▶ _PROBLEM REQUIREMENTS_:
Once the line containing "This candle has" is reached in the listing below, reproduce it and all later lines through the final one exactly, but omit any pictures.
--- COLLECTED MATERIAL ---
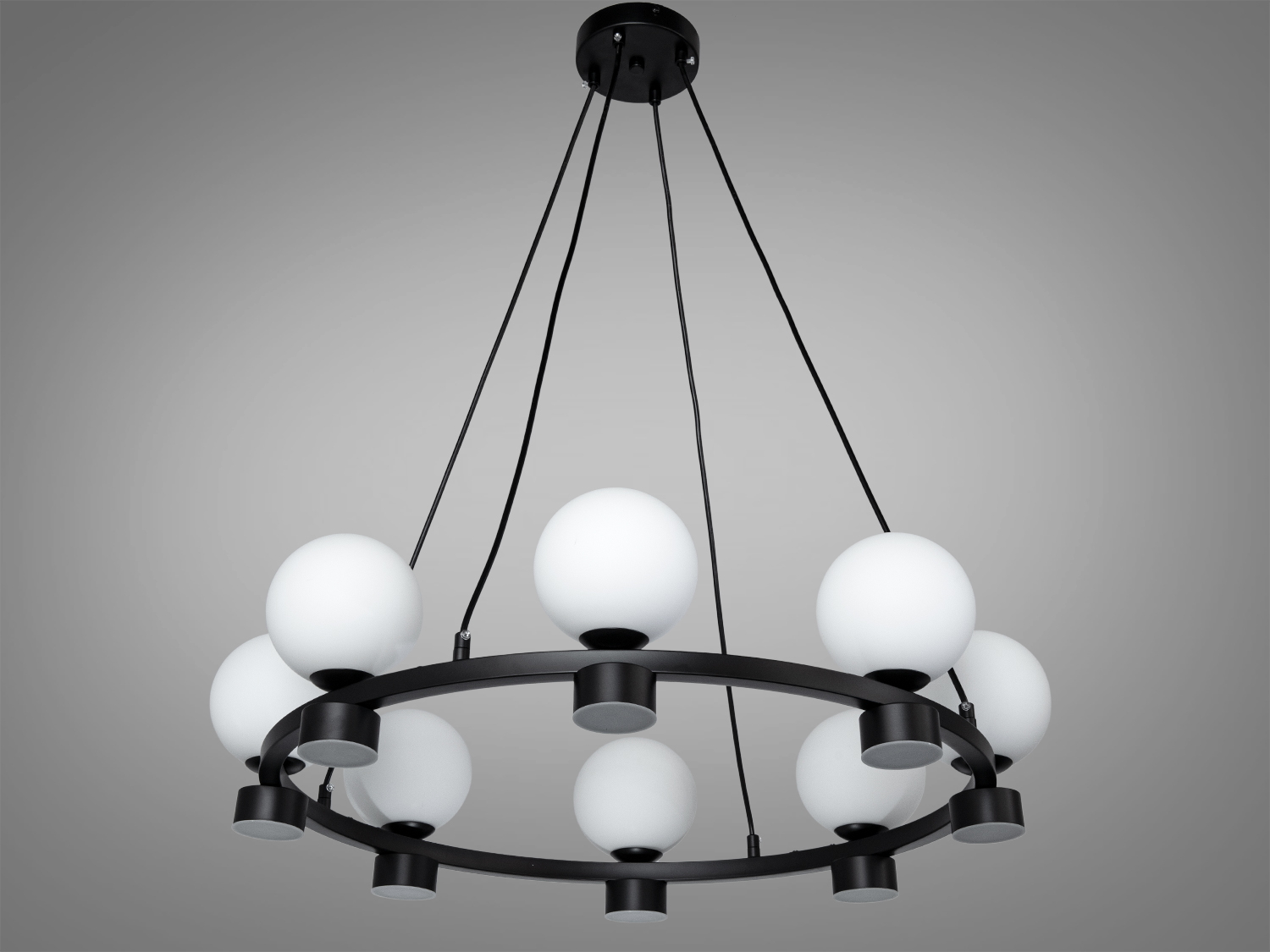 Люстра має круглі матові плафони, які створюють комфортне розсіяне світло без засліплення. Чорний металевий каркас формує чіткий графічний силует, що підкреслює стиль лофт і мінімалізм. LED-джерела світла доповнюють основне освітлення, забезпечуючи рівномірне заповнення простору.
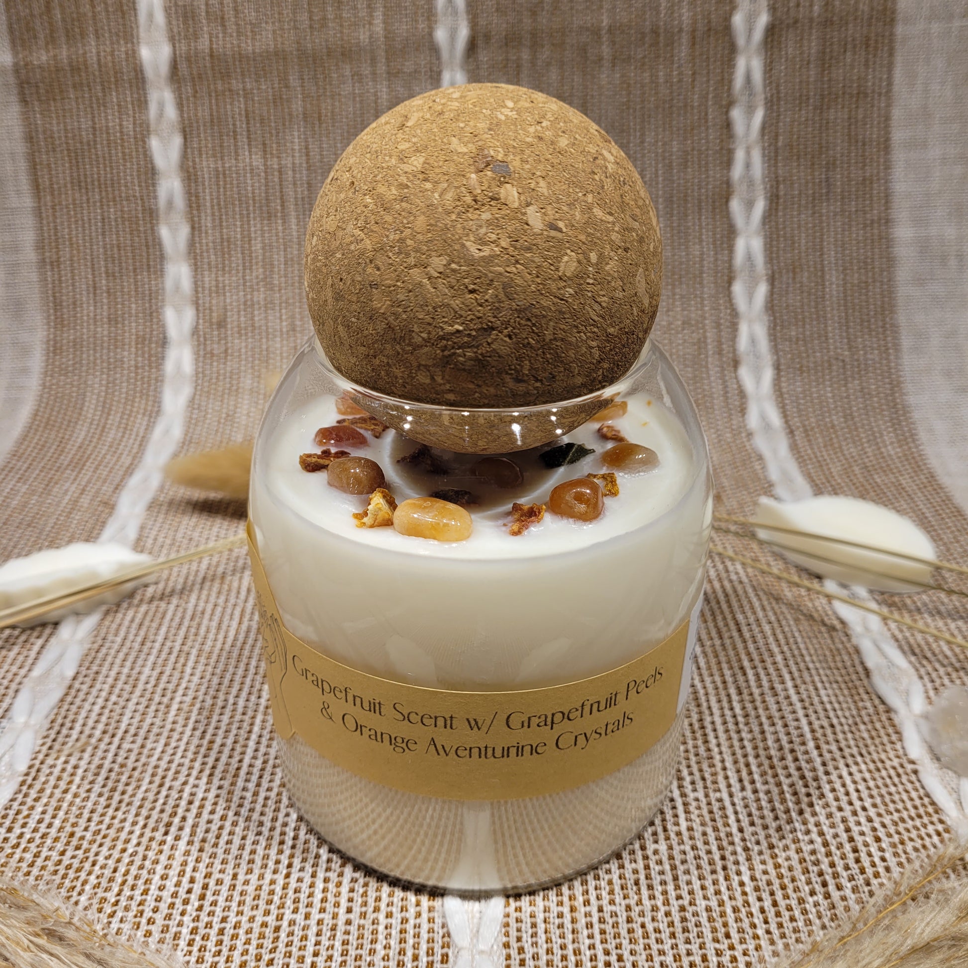This candle has a lovely Grapefruit scent and decorated with Grapefruit peels and Orange Aventurine Crystal chips on top!
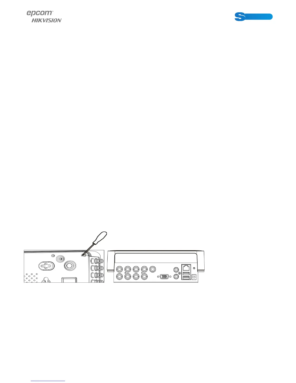 1. Remove the cover from theDVR by unfastening the screws on the back and
---
▶ _EXERCISE OUTPUT_:
This candle has a lovely Grapefruit scent and decorated with Grapefruit peels and Orange Aventurine Crystal chips on top!
 1. Remove the cover from theDVR by unfastening the screws on the back and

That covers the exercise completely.